How does strength training improve swimming performance?
-Strength training improves swimming by building the muscles used in swimming, particularly the core, shoulders, and lats. Exercises such as shoulder flies, pull-ups, and core strengthening routines boost power, enabling swimmers to pull more water with each stroke and swim faster.
What are the three types of workouts essential for a swimmer's training plan?
-The three key types of workouts for swimmers are threshold, VO2 max, and speed endurance. These workouts, when systematically included in a training schedule, target different energy zones and are essential for improving swimming performance and preventing plateaus.
How can swimmers increase their 'feel for the water'?
-To increase their 'feel for the water,' swimmers should focus on engaging the correct hand and wrist positions, ensuring a firm grip on the water during each stroke. Additionally, practicing proper body alignment and technique will help them feel more connected to the water, improving their efficiency.
What role does swim nutrition play in performance?

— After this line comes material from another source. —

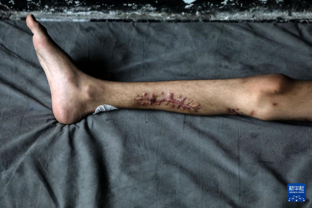 这是8月14日在加沙拍摄的萨米尔·扎库特受伤的右腿。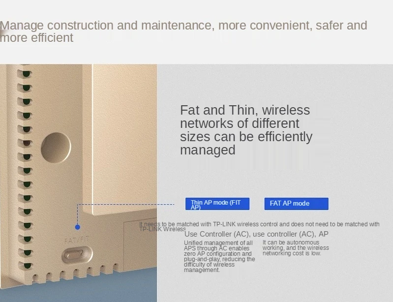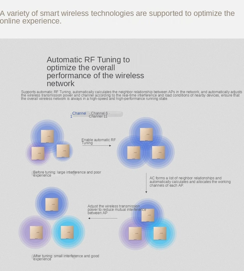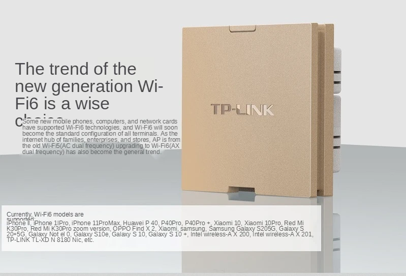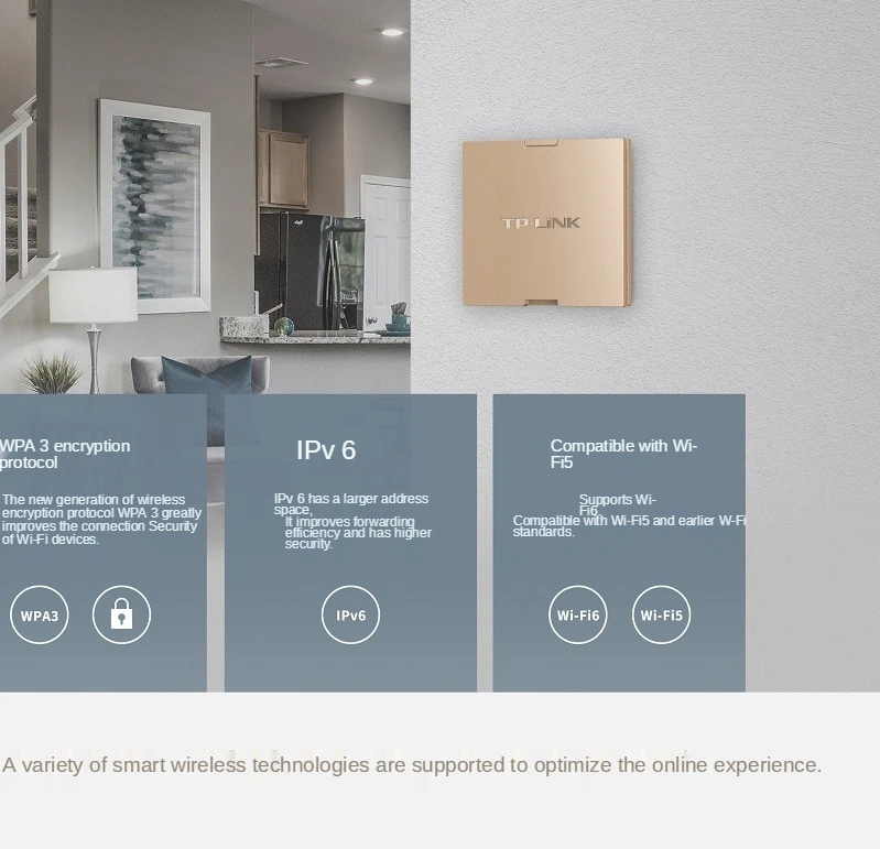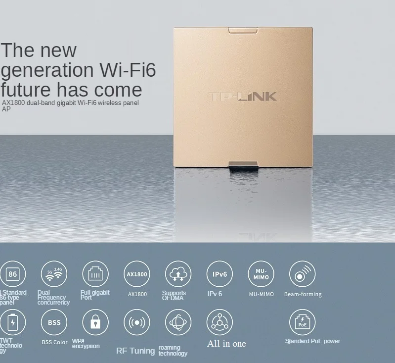 (1) высокопроизводительная беспроводная, обеспечивающая высокоскоростную, стабильную беспроводную сеть 2,4g/5g двухчастотный одновременный ток, 2,4 ГГц диапазон имеет сильную совместимость, дальность передачи, 5G Гц диапазон чистый, меньше помех, двухчастотный одновременный, Скорость беспроводной связи до 1800 Мбит/с. Для удовлетворения потребностей беспроводного Интернета в гостиницах, квартирах, общежитиях, виллах и других интенсивных условиях. Новое поколение технологии Wi Fi 6 (802.11ax) имеет более высокую производительность и лучший опыт. Новый OFDMA, MU-MIMO, TWT и другие беспроводные технологии, производительность продукта сильнее, лучший пользовательский опыт. (2) дизайн панели GB 86, блок питания Poe, прост в установке, прост в использовании Национальный стандарт 86 дизайн панели, может непосредственно заменить оригинальную сетевую панель, без переподключения, не повредить Оригинальное украшение. 802.3AF/at стандартный сетевой кабель питания Poe, без внешнего источника питания, каждому AP нужен только один сетевой кабель, не Ограничиваемый условиями питания, простое AP размещение, Конструкция удобна. (3) Автоматический выбор соответствующего канала, гладкой и стабильной сети В соответствии с окружением AP использования беспроводного канала, автоматически выберите соответствующий канал, избегайте таких же помех частоты, Обеспечивайте беспроводную стабильность. (4) полная и тонкая интеграция, различные размеры беспроводных сетей можно эффективно управлять Режим Fat AP (подходит для беспроводного покрытия небольшой площади): не нужно использовать с беспроводным контроллером TP-LINK (AC), AP может работать независимо, и стоимость Беспроводная сеть низкая; Тонкий режим AP (fit AP) (подходит для беспроводного покрытия большой площади): он должен использоваться с беспроводным контроллером TP-LINK (AC), который может Управление всеми APS равномерно и уменьшение сложности беспроводного управления. Толстый и тонкий в одном, вы можете выбрать различные режимы в соответствии с различными применениями Среды. Поддержка устранения слабых сигналов и запрещение Функции доступа к слабому сигнальному оборудованию. (5) Автоматическая RF Настройка для оптимизации общей производительности беспроводной сети Он поддерживает автоматическую настройку RF, автоматически вычисляет связь между AP в сети и автоматически регулирует беспроводную передачу Питание и канал в соответствии с помехами в реальном времени и нагрузкой окружающих устройств, чтобы гарантировать, что вся беспроводная сеть всегда в высокой скорости и Высокопроизводительное рабочее состояние. (6) Поддержка интеллектуального роуминга и улучшение работы терминала Интеллектуальная технология роуминга на основе протокола 802.11kv используется, чтобы помочь мобильный телефон, pad, компьютер и другие терминальные устройства автоматически получить доступ к AP С лучшим качеством сигнала в различных сценариях AP, таких как отель, квартира, общежитие и вилла, чтобы эффективно улучшить пользовательский опыт и в целом Производительность беспроводной сети.

-Swim nutrition plays a crucial role in maintaining energy levels during long training sessions. Swimmers should consume carbohydrates before and during workouts to replenish glycogen stores and maintain peak performance. Post-workout nutrition, including protein and carbs, aids recovery and muscle repair.
Why is it important for swimmers to train with others who are better than them?
-Training with swimmers who are more experienced or faster pushes you to perform at a higher level. It provides motivation, encourages better technique, and accelerates improvement by providing opportunities for feedback and learning from those who excel.
How does consistency contribute to swimming improvement?
-Consistency is key to improving in swimming. Even if your training plan isn't perfect, staying consistent will help you progress. Over time, consistent practice builds skill, strength, and technique, ultimately helping you break through plateaus and continue improving.